Exercise directions = In the data below, set down exactly the lines from the one containing "ジュラシックワールドのT-レ" up to and including the one containing "Par Farol Principal". Leave the pictures out.
Given records below:
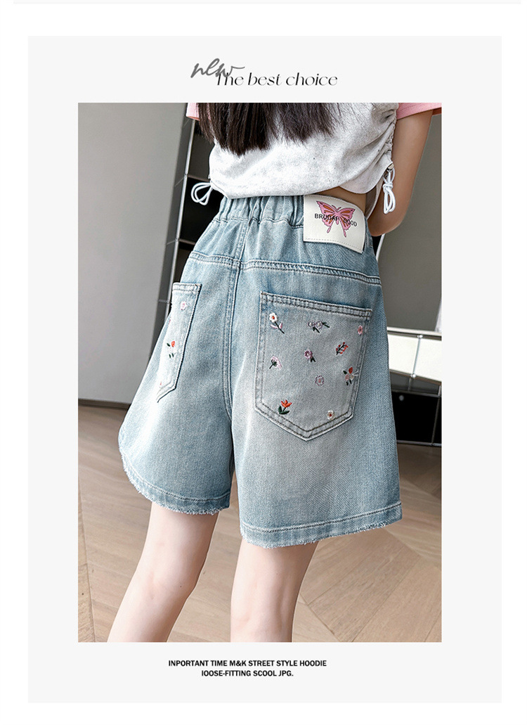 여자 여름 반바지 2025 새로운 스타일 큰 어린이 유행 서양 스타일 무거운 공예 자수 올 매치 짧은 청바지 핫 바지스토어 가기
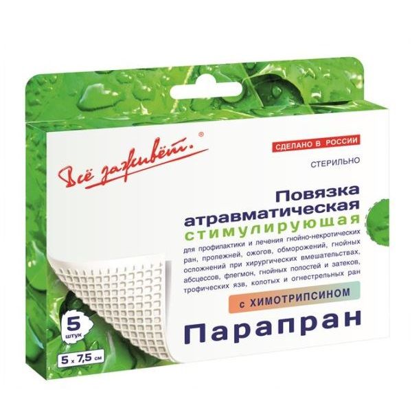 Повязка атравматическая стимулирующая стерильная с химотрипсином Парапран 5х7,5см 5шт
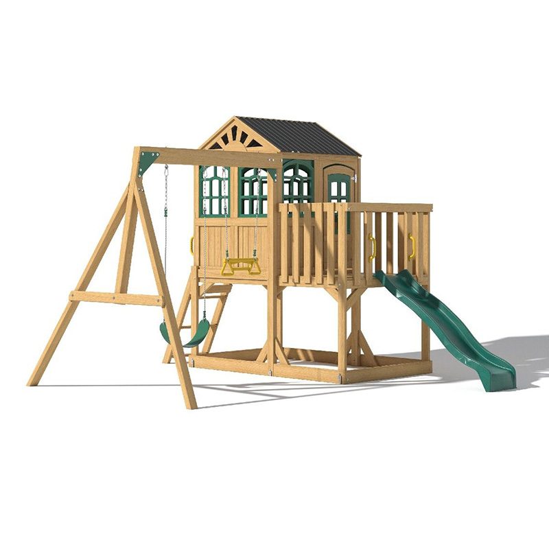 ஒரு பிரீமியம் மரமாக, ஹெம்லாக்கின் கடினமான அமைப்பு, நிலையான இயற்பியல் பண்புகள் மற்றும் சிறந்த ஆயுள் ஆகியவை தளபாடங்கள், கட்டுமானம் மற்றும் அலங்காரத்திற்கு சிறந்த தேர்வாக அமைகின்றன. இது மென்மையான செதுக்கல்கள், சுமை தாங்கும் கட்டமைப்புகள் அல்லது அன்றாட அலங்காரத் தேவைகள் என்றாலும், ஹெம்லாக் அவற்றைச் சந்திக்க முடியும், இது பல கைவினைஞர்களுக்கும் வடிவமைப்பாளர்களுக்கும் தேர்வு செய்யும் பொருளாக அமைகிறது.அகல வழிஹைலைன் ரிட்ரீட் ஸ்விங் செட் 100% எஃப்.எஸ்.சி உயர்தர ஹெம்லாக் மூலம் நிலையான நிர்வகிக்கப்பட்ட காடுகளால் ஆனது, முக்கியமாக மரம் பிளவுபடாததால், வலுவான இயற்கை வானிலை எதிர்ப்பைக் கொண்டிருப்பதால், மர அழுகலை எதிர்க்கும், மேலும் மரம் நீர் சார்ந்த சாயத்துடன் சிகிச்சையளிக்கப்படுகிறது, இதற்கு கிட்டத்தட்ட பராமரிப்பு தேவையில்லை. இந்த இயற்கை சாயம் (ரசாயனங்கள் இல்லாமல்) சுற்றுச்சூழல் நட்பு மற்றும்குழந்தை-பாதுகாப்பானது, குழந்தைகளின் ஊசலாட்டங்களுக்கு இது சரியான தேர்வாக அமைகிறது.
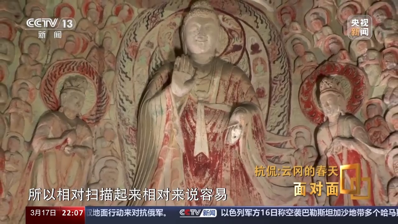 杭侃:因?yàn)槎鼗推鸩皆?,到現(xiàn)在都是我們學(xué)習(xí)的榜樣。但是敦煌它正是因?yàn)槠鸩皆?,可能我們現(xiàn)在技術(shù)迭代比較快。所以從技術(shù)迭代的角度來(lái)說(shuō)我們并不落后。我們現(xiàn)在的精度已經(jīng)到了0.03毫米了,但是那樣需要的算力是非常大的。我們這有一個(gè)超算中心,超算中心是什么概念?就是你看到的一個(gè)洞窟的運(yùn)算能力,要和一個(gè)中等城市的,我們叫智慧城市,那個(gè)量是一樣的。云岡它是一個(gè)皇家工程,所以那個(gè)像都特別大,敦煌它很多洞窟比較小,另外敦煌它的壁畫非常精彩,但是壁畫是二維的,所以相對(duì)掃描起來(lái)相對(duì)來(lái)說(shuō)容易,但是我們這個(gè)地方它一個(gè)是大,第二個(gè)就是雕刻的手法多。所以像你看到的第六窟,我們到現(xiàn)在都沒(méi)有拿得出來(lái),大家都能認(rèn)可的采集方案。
End of Given records.
Given records below:
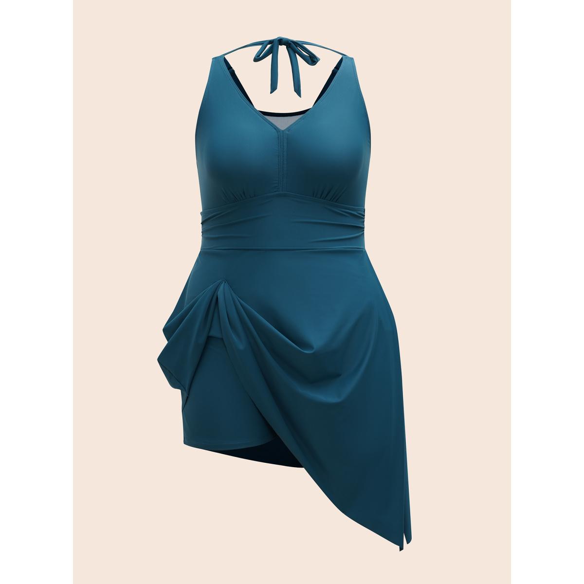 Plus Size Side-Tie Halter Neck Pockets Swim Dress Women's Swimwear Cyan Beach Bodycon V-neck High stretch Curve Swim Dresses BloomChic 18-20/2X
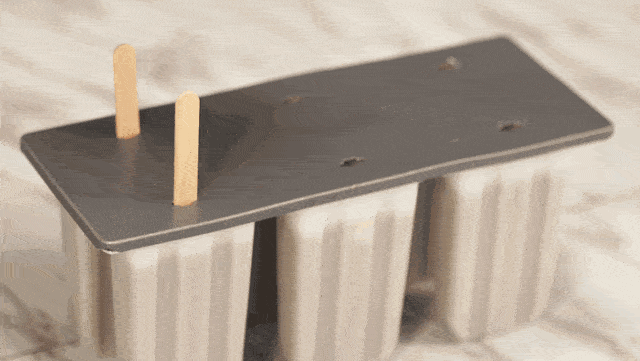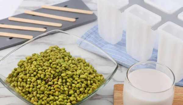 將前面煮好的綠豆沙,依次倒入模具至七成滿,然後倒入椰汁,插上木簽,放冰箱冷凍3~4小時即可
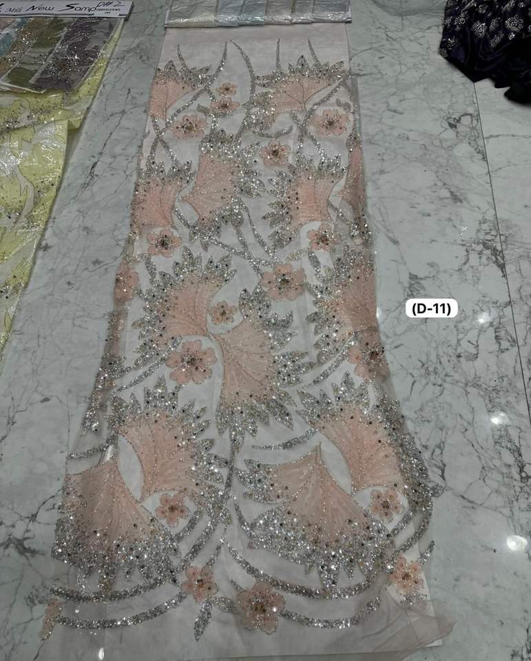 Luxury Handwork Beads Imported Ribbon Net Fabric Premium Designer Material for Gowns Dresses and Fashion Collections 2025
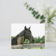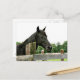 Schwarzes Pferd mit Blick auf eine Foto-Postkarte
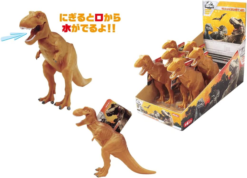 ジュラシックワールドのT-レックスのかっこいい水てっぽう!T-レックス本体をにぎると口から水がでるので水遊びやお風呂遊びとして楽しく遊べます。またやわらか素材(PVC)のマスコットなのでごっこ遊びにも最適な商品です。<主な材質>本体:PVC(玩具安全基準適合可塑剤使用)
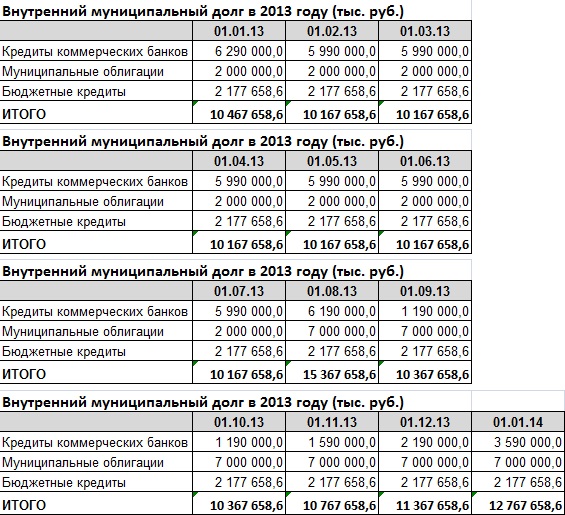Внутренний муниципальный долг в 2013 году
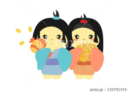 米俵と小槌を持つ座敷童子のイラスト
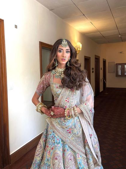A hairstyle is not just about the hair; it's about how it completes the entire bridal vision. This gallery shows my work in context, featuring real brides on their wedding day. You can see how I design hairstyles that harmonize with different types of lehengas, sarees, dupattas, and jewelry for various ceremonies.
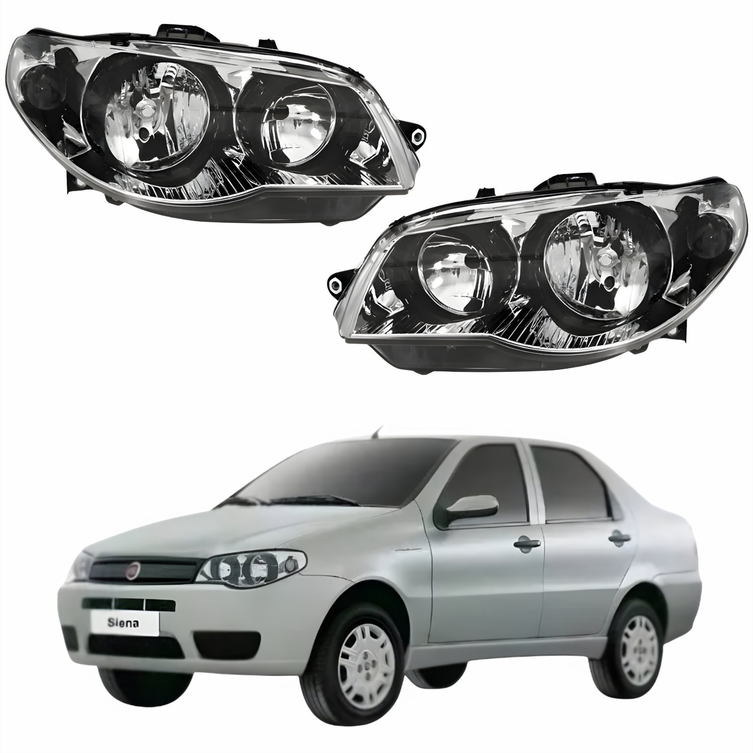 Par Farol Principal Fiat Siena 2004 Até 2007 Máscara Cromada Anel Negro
End of Given records.
Output =
 ジュラシックワールドのT-レックスのかっこいい水てっぽう!T-レックス本体をにぎると口から水がでるので水遊びやお風呂遊びとして楽しく遊べます。またやわらか素材(PVC)のマスコットなのでごっこ遊びにも最適な商品です。<主な材質>本体:PVC(玩具安全基準適合可塑剤使用)
Внутренний муниципальный долг в 2013 году
 米俵と小槌を持つ座敷童子のイラスト
A hairstyle is not just about the hair; it's about how it completes the entire bridal vision. This gallery shows my work in context, featuring real brides on their wedding day. You can see how I design hairstyles that harmonize with different types of lehengas, sarees, dupattas, and jewelry for various ceremonies.
 Par Farol Principal Fiat Siena 2004 Até 2007 Máscara Cromada Anel Negro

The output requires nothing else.